Problem | Repeat the span of the entries below that starts at the line with "Ši 4U Cavaldi" and ends at the line with "木の温もりを感じる、自然な素", nothing more. Skip the pictures.

Material provided |
*** Block opens ***
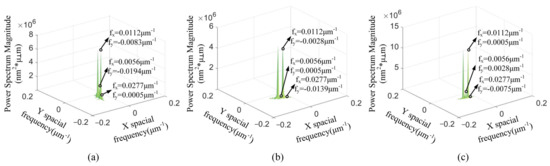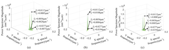 The 2D PSD results with different spindle speeds: (a) n = 1300 r/min, (b) n = 1400 r/min, (c) n = 1500 r/min.
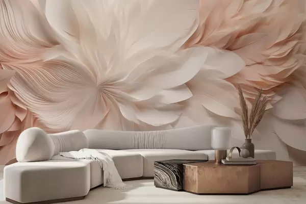 Stenske poslikave Nežna abstraktna peresa v gibanju v bež in krem barvah Št. w09509
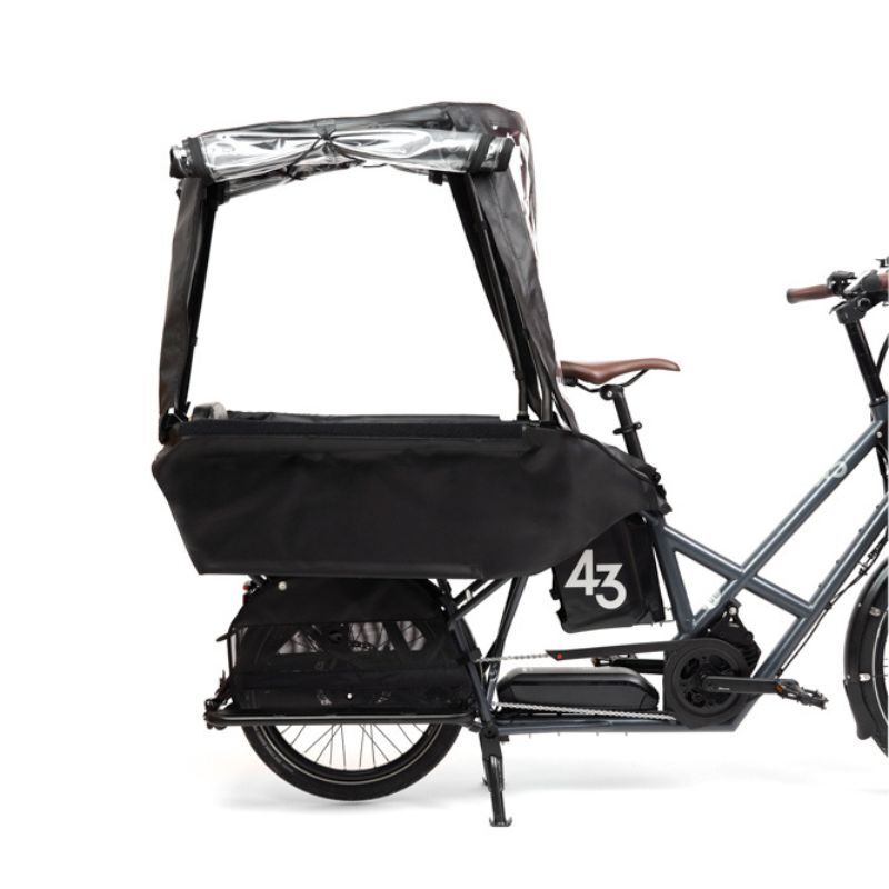 Ensure your little adventurer stays dry and happy during unexpected rain showers. This innovative canopy for the Bike 43 longtail cargo bike lifts up with the roller coaster for easy onboarding onto the bike.
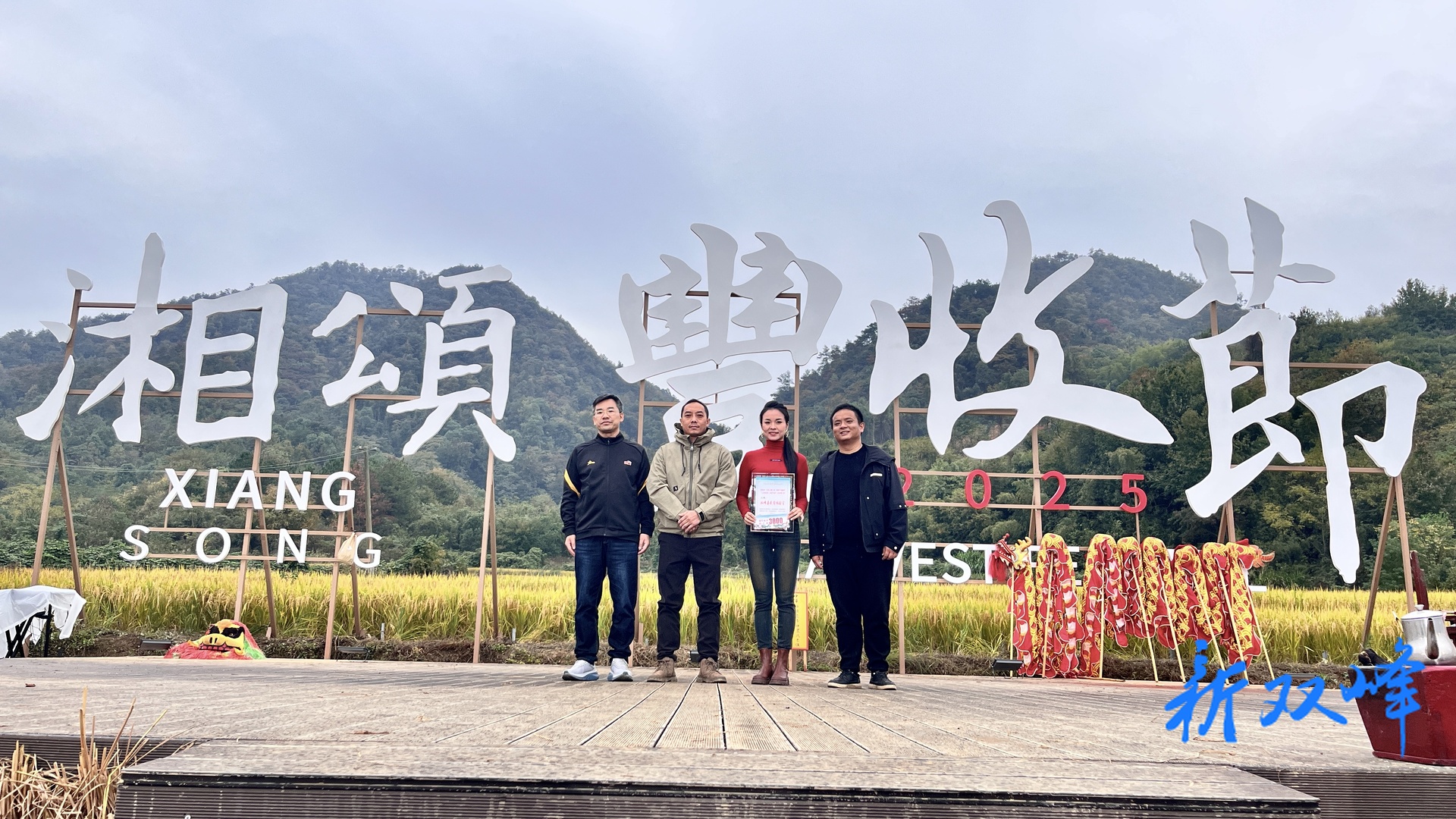 仪式在热烈喜庆的氛围中拉开帷幕,现场不仅弥漫着稻谷的清香,更涌动着数字时代助力乡村发展的蓬勃活力。活动现场,湘颂丰收节系列活动如火如荼地进行,金黄的稻谷、丰富的农产品展示以及极具地方特色的歌舞民俗表演,吸引了众多游客与村民驻足观赏,欢声笑语与丰收的喜悦交织在一起,共同庆祝这硕果累累的季节。在激昂的乐曲和热烈的掌声中,吴晔为一等奖获得者朱鹏、田园、龙颖等颁奖,县政协党组副书记、副主席王贵祥,县政协副主席肖晓琳共同为二等奖获得者肖克书、彭璐璐颁奖。此外,还颁发了三等奖、最佳带货主播奖、最美镜头奖及优秀奖等多个奖项,充分表彰了创作者们在内容创作和电商助农领域的卓越贡献。
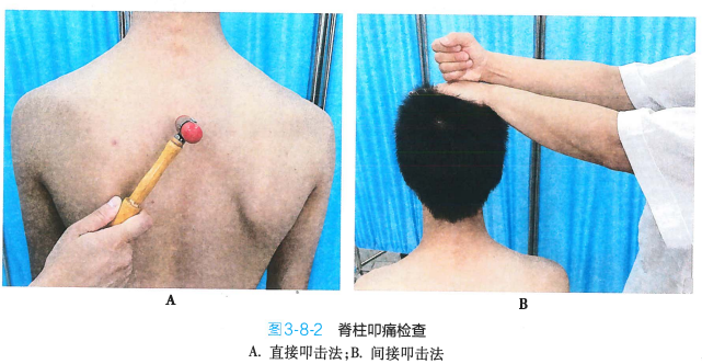 (1)直接叩击法:即用中指或叩诊锤垂直叩击各椎体的棘突(图3-8-2A), 多用于检查胸椎与腰椎。颈椎疾病,特别是颈椎骨关节损伤时,因颈椎位置深,一般不用此法检查。
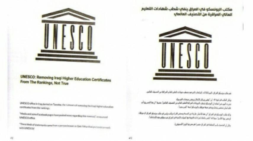 العراق _ الكوثر: نفت وزارة التربية العراقية الأخبار الكاذبة التي ادعت شطب الشهادة العراقية من قبل منظمة اليونسكو ، مؤكدةً قوة ومكانة الشهادة العراقية عالمياً .
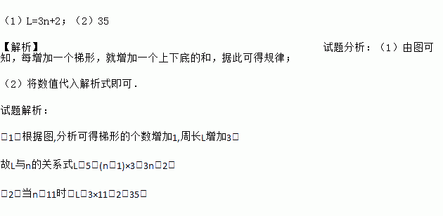(1)设图形的周长为L,梯形的个数为n,试写出L与n的关系式;
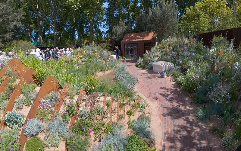 The monument is a permanent fixture at Chelsea. The garden around it was created by Max Parker-Smith and it’s one of the gardens the public can walk in. Planting was supplied by Hortus Loci.
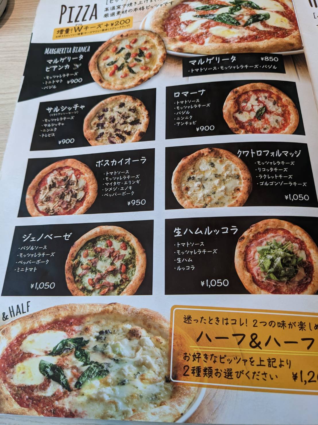 ピッツァ ●マルゲリータビアンカ ¥900 ●マルゲリータ ¥850 ●サルシッチャ ¥900 ●ロマーナ ¥900 ●ボスカイオーラ ¥950 ●クワトロフォルマッジ ¥1,050 ●ジェノベーゼ ¥1,050 ●生ハムルッコラ ¥1,050 ●ハーフ&ハーフ ¥1,250
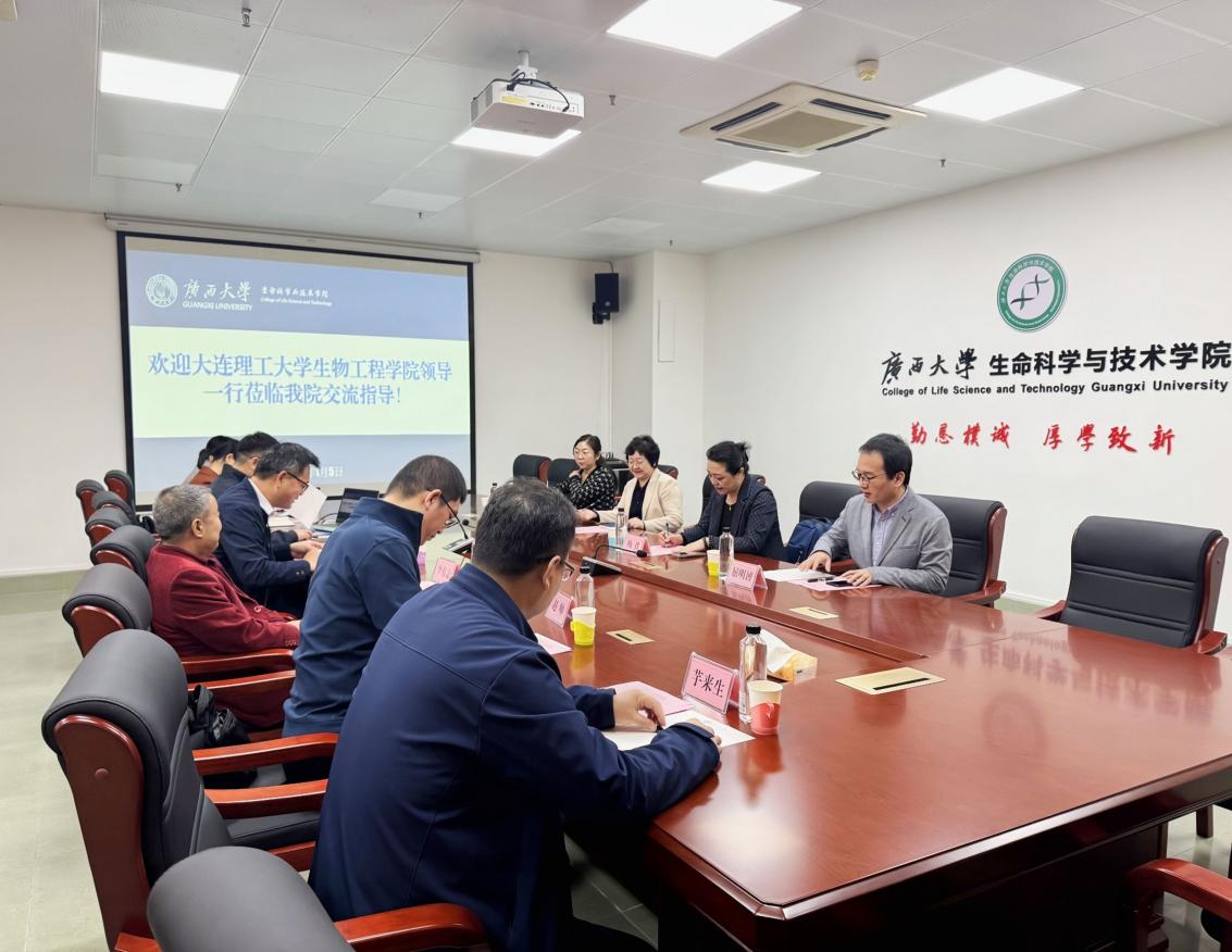 1月5日上午,大连理工大学生物工程学院院长贾凌云,党委书记杨君,党委副书记、副院长赵婷婷,院长助理屈明博一行4人到太阳集团tyc138交流座谈。太阳集团tyc138党委书记刘培军,党委副书记、副院长李伟辉,党委副书记、纪委书记覃文月,副院长赵帅,副院长卢洁,副院长芋来生以及李有志教授参加了座谈会。座谈会由太阳集团tyc138党委书记刘培军主持。
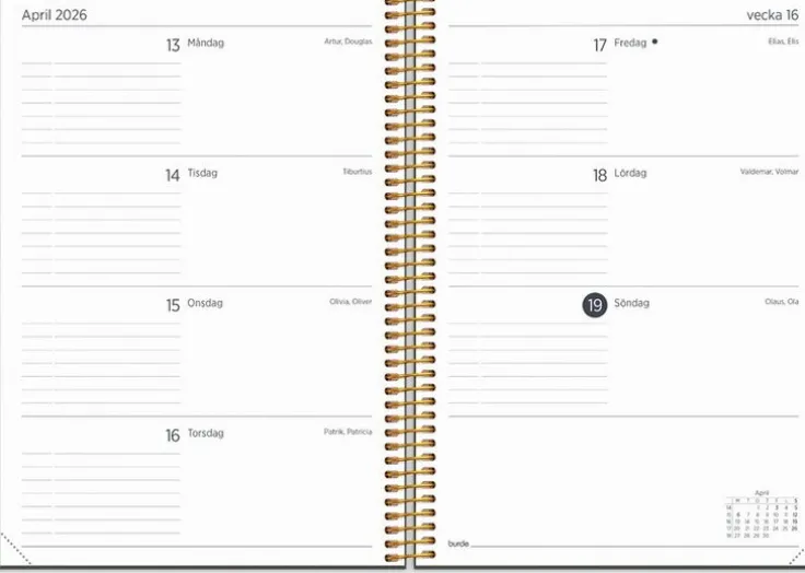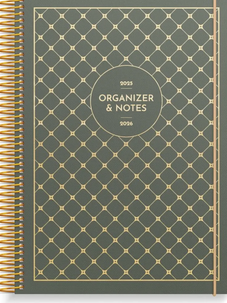 En kalender och anteckningsbok i ett! Första halvan innehåller ett kalendarium med vertikal veckolayout, medan andra halvan är linjerade sidor för dina listor och anteckningar. Med hjälp av de flyttbara flikarna förflyttar du dig smidigt mellan veckoplanering och anteckningar. Perfekt som komplement till digital planering. Kalendern har en vacker grön kulör med stilrena dekorationer i guld.Kalender 25/26 från Burde. Format: A5. Layout: Stående. Vecka/uppslag. Kalendarium: 2025-06-02 – 2026-07-12. Omslag: Kartong med struktur. Spiralbunden. Detaljer: Gummiband. Flyttbara plastmarkörer. Innehåll: Anteckningssidor, Årsöversikter, Årsplaner. Antal sidor: 256. Miljöinformation: FSC®.
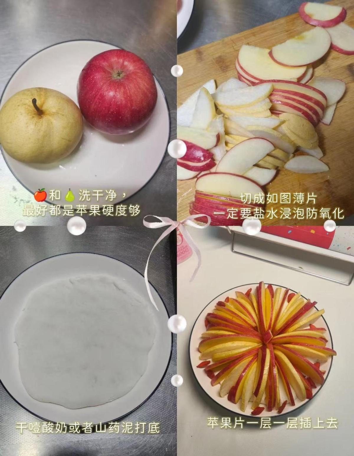 全部切好一片片錯落着、豎着往酸奶上插,蘋果就像煙花一樣綻開了,紅白相間特別好看。
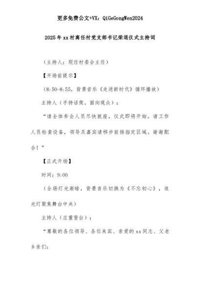【七哥公文】2025年:2025年xx村离任村党支部书记荣退仪式主持词+更多免费公文+VX:QiGeGongWen2024+更多免费公文+VX:QiGeGongWen2024
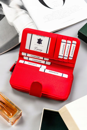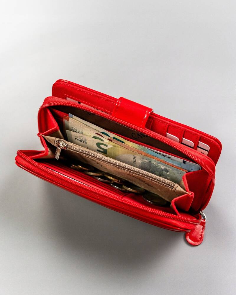 Ši 4U Cavaldi moterų piniginė yra pagaminta iš aukštos kokybės ekologiškos odos, kuri užtikrina ilgaamžiškumą ir stilingą išvaizdą. Ryški raudona spalva suteikia elegancijos ir išskirtinumo. Piniginė yra didelė, todėl joje lengvai tilps visos jūsų kortelės ir grynieji pinigai. Nors RFID apsaugos nėra, piniginė turi daugiau nei 10 kortelių skyrių ir atskirą skyrelį monetoms, kas padės patogiai organizuoti jūsų finansus. Jos išmatavimai – 17,5 cm x 10 cm x 3 cm – leidžia patogiai nešiotis kasdien.
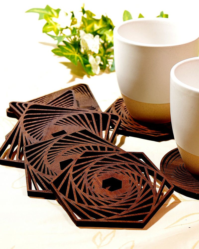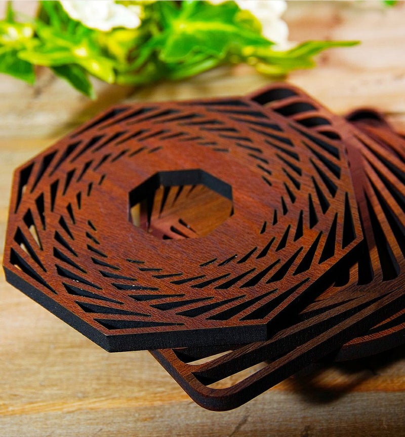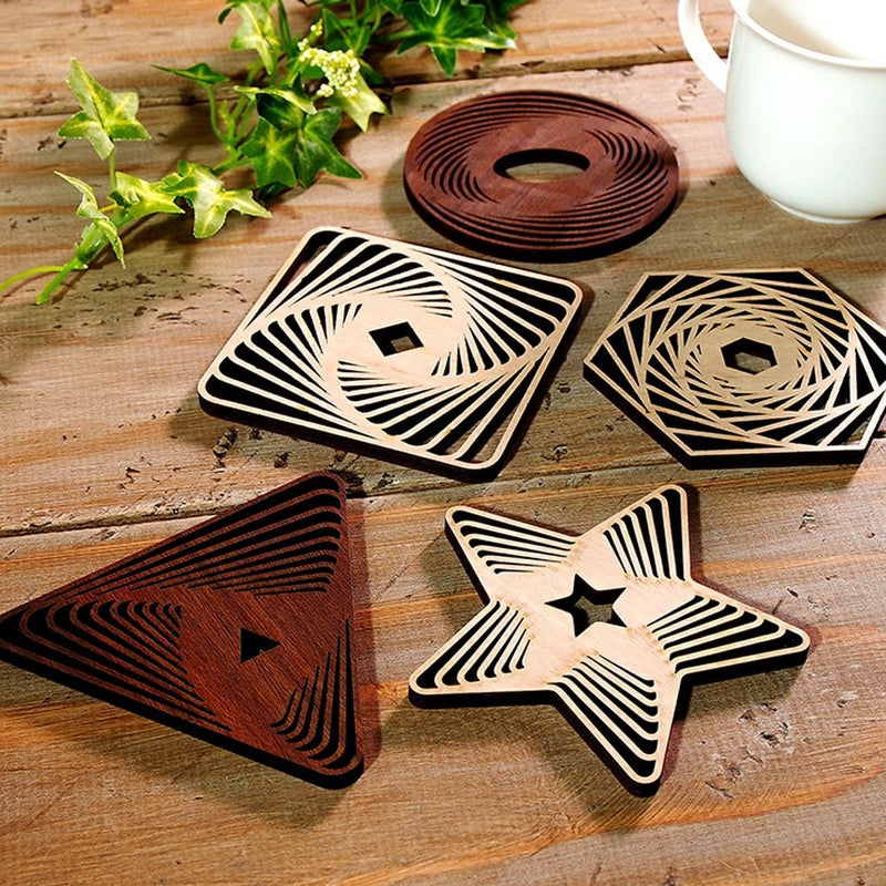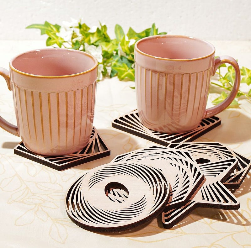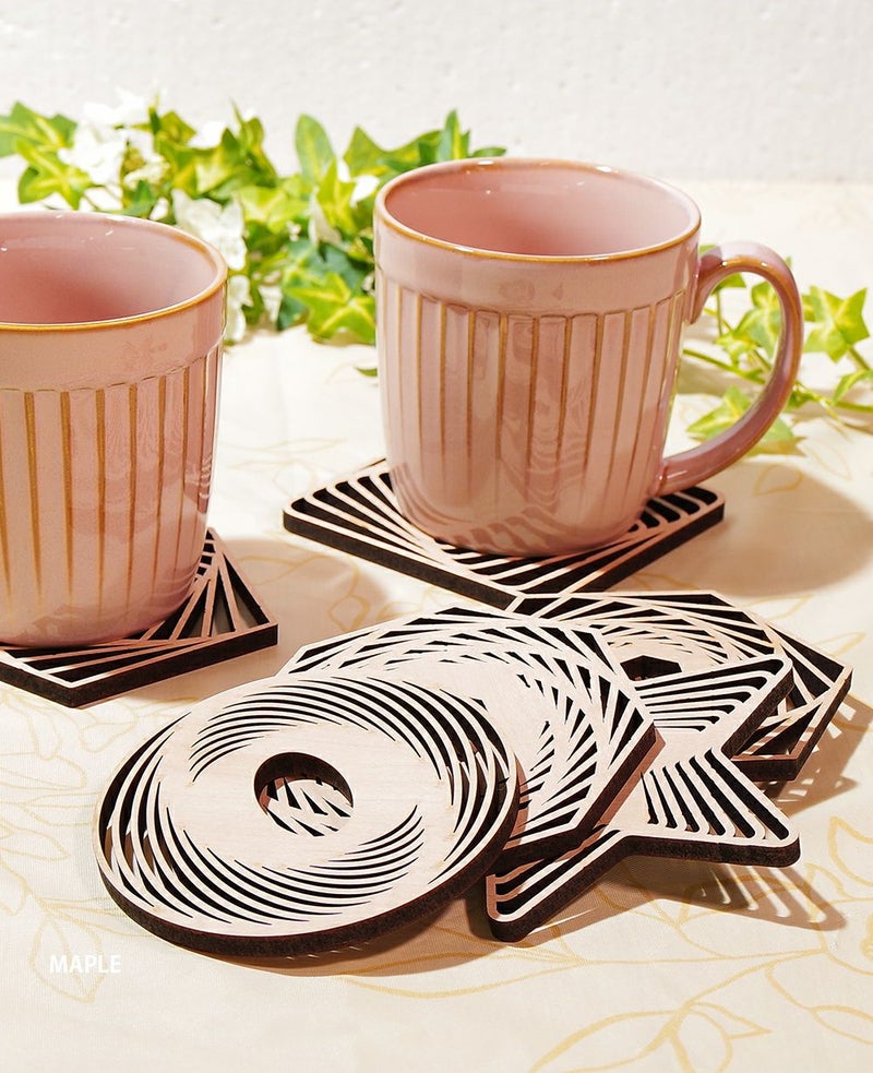 木の温もりを感じる、自然な素材のコースター。シンプルながらも美しいデザインが食卓を彩ります。
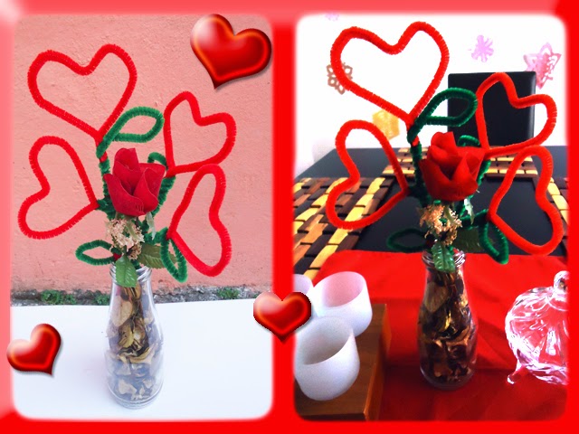 Bueno como todos sabemos estamos con las celebración de San valentín y hoy les traigo un centro de mesa o florero de corazones hecho de limpia pipa muy económico, fácil de realizar y con pocos materiales los cuales tienes al alcance de sus manos, y como ven no solo para ese día lo pueden utilizar ya que tiene un aspecto muy decorativo o incluso lo puedes regalar a una persona especial, la verdad es que le podemos sacar mucho provecho solo dale un lugar cito en tu corazón.
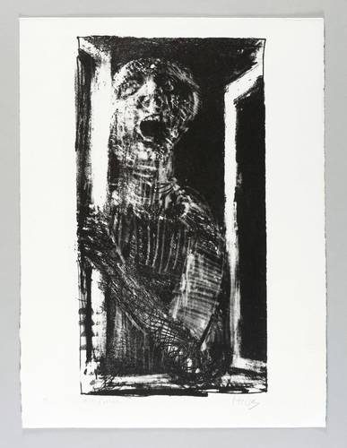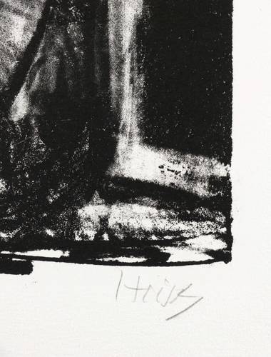 1974/1975. Lithografie / Kreide- & Pinsellithografie, partiell geschabt, in Schwarz, auf Hahnemühle-Bütten. – Von Bernhard Heisig. – 47,5 x 25,1 cm (Darstellung / Stein), 54 x 41 cm (Blatt).
*** Block closes ***
Completed exercise |
 Ši 4U Cavaldi moterų piniginė yra pagaminta iš aukštos kokybės ekologiškos odos, kuri užtikrina ilgaamžiškumą ir stilingą išvaizdą. Ryški raudona spalva suteikia elegancijos ir išskirtinumo. Piniginė yra didelė, todėl joje lengvai tilps visos jūsų kortelės ir grynieji pinigai. Nors RFID apsaugos nėra, piniginė turi daugiau nei 10 kortelių skyrių ir atskirą skyrelį monetoms, kas padės patogiai organizuoti jūsų finansus. Jos išmatavimai – 17,5 cm x 10 cm x 3 cm – leidžia patogiai nešiotis kasdien.
 木の温もりを感じる、自然な素材のコースター。シンプルながらも美しいデザインが食卓を彩ります。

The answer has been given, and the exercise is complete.